With a federal Labor government committed to a national integrity commission, Morry Bailes revisits the patchy results of state-based corruption agencies and urges caution in allowing parliament to set up its own legal goalposts outside of common law.

May 26, 2022, updated May 30, 2022
Photo: AAP/Mick Tsikas

Photo: AAP/Mick Tsikas

With the election of an ALP government comes the near certainty of a future Federal Integrity Commission.

The former Coalition Government toyed around with the idea for years going back to a period when Christian Porter was Attorney-General but never got anything up. Thus it became an election issue – and for some a hot button one at that.

All states and territories now have some type of standing anti-corruption commission. In a number of states and in the Northern Territory they are called ICAC’s, although in South Australia the ICAC is the Independent Commission Against Corruption rather than Commission. In Western Australia it is the Crime and Corruption Commission, the CCC. In Victoria the IBAC in an acronym for Independent Broad-based Anti-corruption Commission.

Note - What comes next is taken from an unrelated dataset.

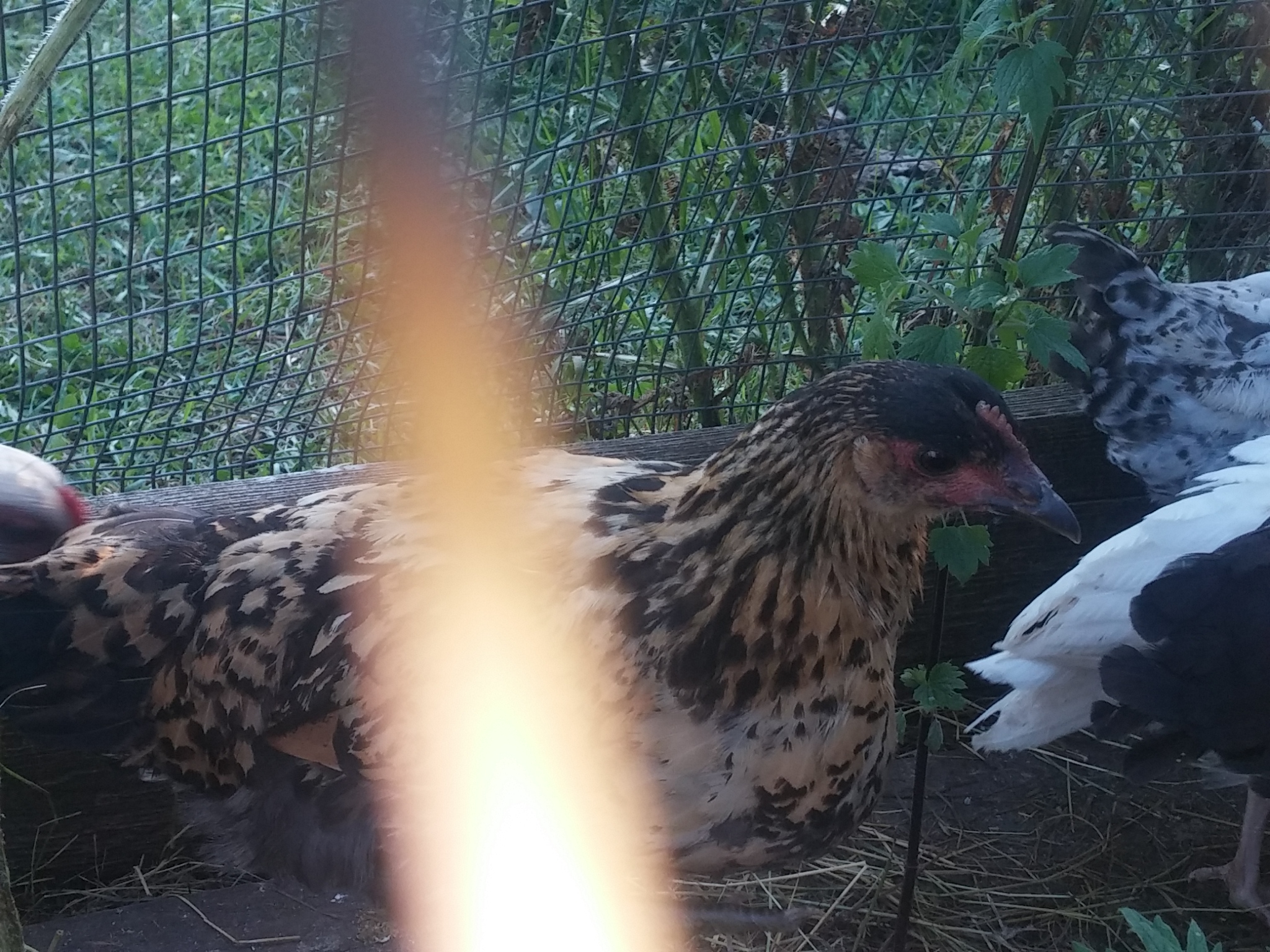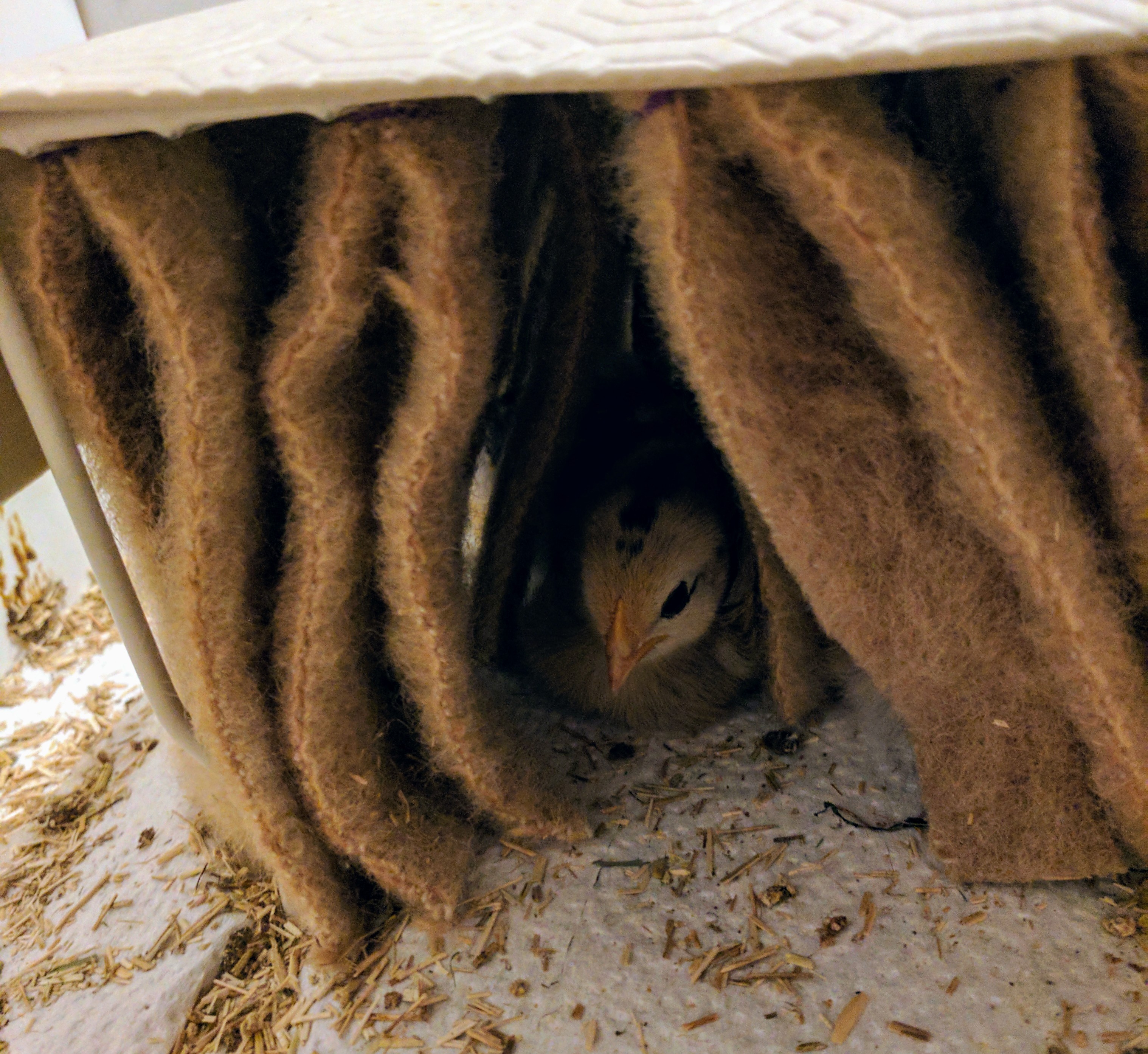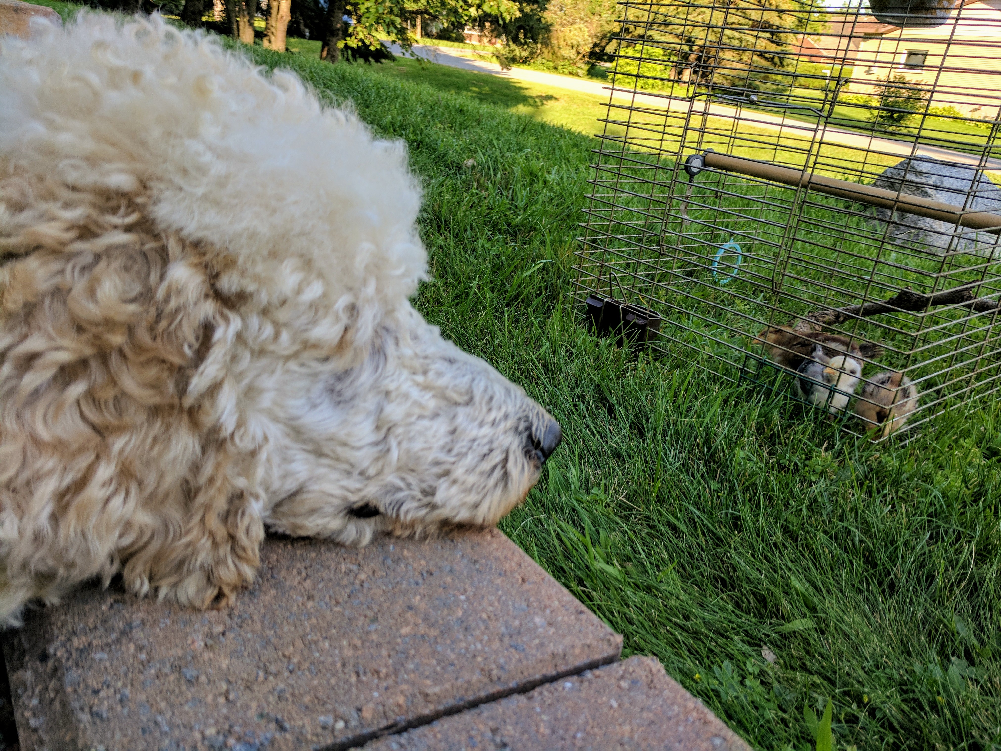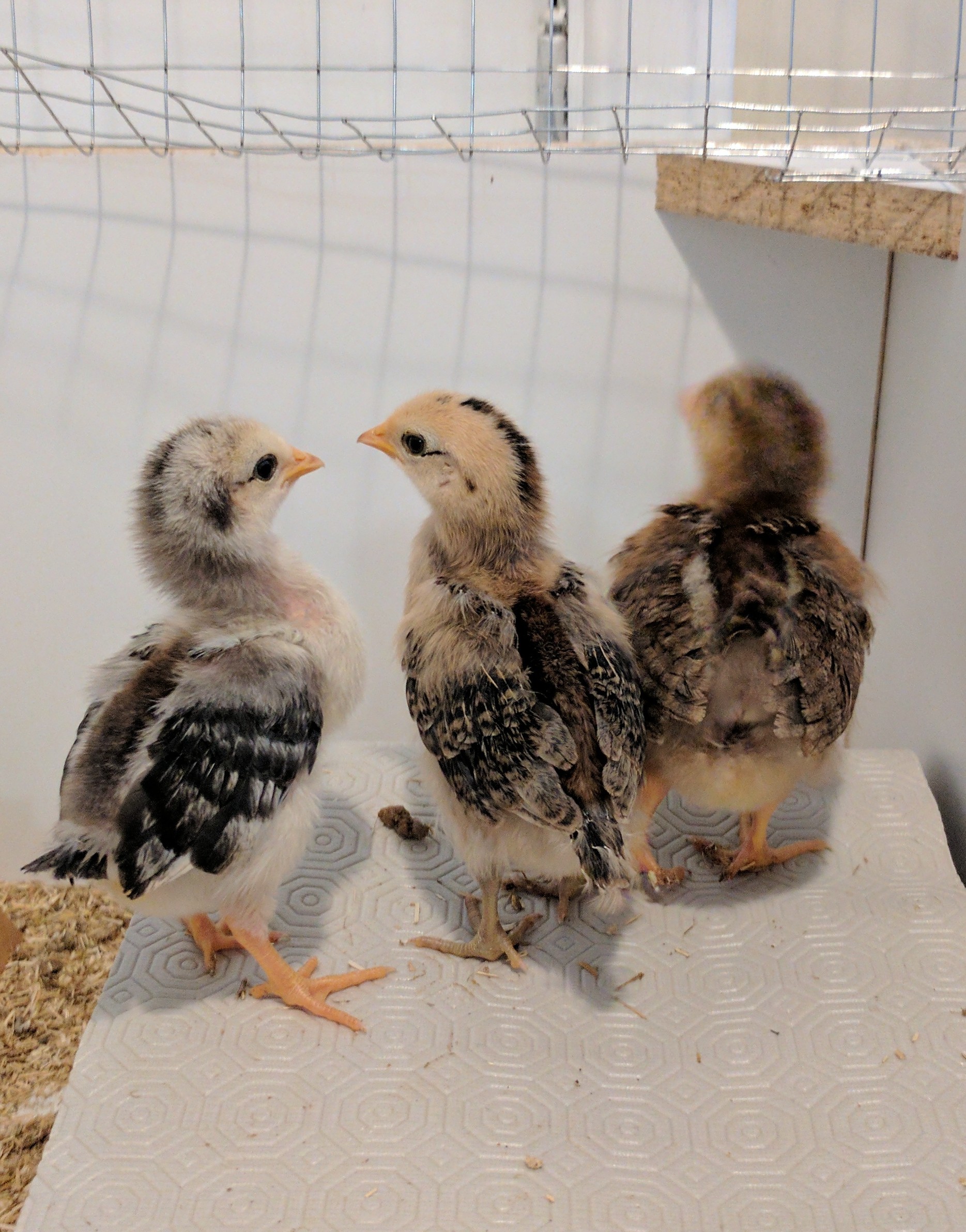 Two weeks old now, and they just spent an hour yesterday evening getting to know their outdoor space - the junior coop and run within the main run. The junior coop isn't quite finished yet, so they are still in the brooder in the laundry room at least one more day. This picture is of first introductions to Twyla and Penelope.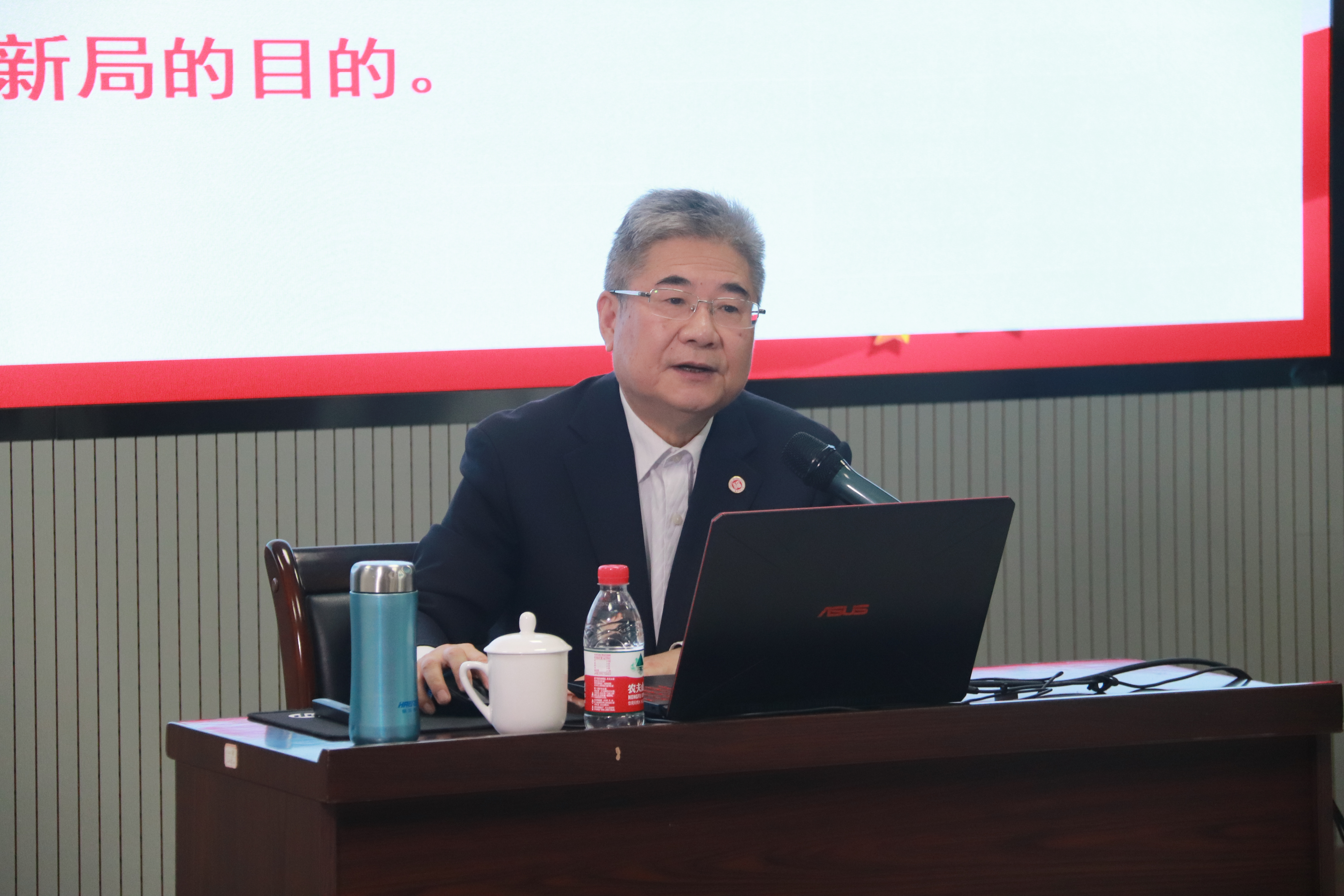 陈少平研究员围绕《回望党的历史,不忘革命初心;坚定理想信念,凝聚奋进力量》这一主题进行授课,结合自身经历,分别从党史学习要求、如何学习党史、阅读红色经典、如何践行党史四个方面展开阐述。首先,陈少平研究员引用了习近平总书记“一件大事”和三个“必然要求”的重要讲话,向学员们阐明了推动党史学习教育常态化长效化的重要性和必要性。接着,陈少平研究员指明了理论联系实际的党史学习方法,希望大家树立正确的党史观,把学习党史与自身实际和学习成才结合起来。最后,陈少平研究员讲解了金一南将军所著《苦难辉煌》,结合《苦难辉煌》纪录片中的血战湘江片段,鼓励学员们积极阅读红色经典,牢记党不断克服艰难险阻而不懈奋斗的光辉历史,坚定理想信念、培养艰苦奋斗的精神,勇做新时代的奋斗者、开拓者、奉献者。

The differences are more than just in the name. Each commission functions quite differently, although some are more similar than others. Amongst other differences each has its own particular jurisdiction which is determined by what that State or Territory provides for in its particular enabling legislation.

This leads to the central feature of all standing commissions against corruption: they are all and entirely a parliamentary creation. The parliament creates and breathes life into these standing commissions, and parliament alone. There is not one element of a standing commission against corruption that is owed to the common law or any natural law or convention. They are holus-bolus a thing created by legislation.

Indeed, the very nature of such a commission goes against just about every common law principle in the book. The power to compel witnesses by stripping all vestiges of common privilege away is squarely against the old presumptions contained in the common law as upheld by the courts for centuries, such as the right against self-incrimination and the right to silence.

Further there are countless examples of the abuse of power – usually constituted by acting beyond power – by standing commissions. The courts have intervened time and time again to curtail corruption commissions who have headed off yet again on the wrong tangent. It is sometimes the quality of investigators employed but is also, on more than one occasion, a misunderstanding of powers by commissioners themselves.

The New South Wales example of Cuneen is a classic. Without going into all the facts, Ms Cuneen SC, a former Deputy Senior Crown Prosecutor, was investigated by the NSW ICAC for allegedly giving advice to her son’s girlfriend who had been involved in a serious motor vehicle accident, that was said to amount to corrupt conduct.

The matter made it all the way the High Court, which found in a majority judgement 4:1 that the ICAC had exceeded its authority by misunderstanding and misinterpreting the definition of ‘corrupt conduct’ under the Act. It could fairly be described as an embarrassing mess, but in all these cases is a person who has the prospect of enduring Star Chamber-like interrogations, which some jurisdictions conduct in public.

This gives rise to another critical characteristic of these standing commissions, and that is that they investigate what is defined to be ‘corruption’ by the parliament. So what is and what is not corrupt is first decided by parliament itself. This is the point at which you may begin to realise how meaningless some of these commissions can be, or conversely how intrusive, all determined by the definition accorded to ‘corruption’.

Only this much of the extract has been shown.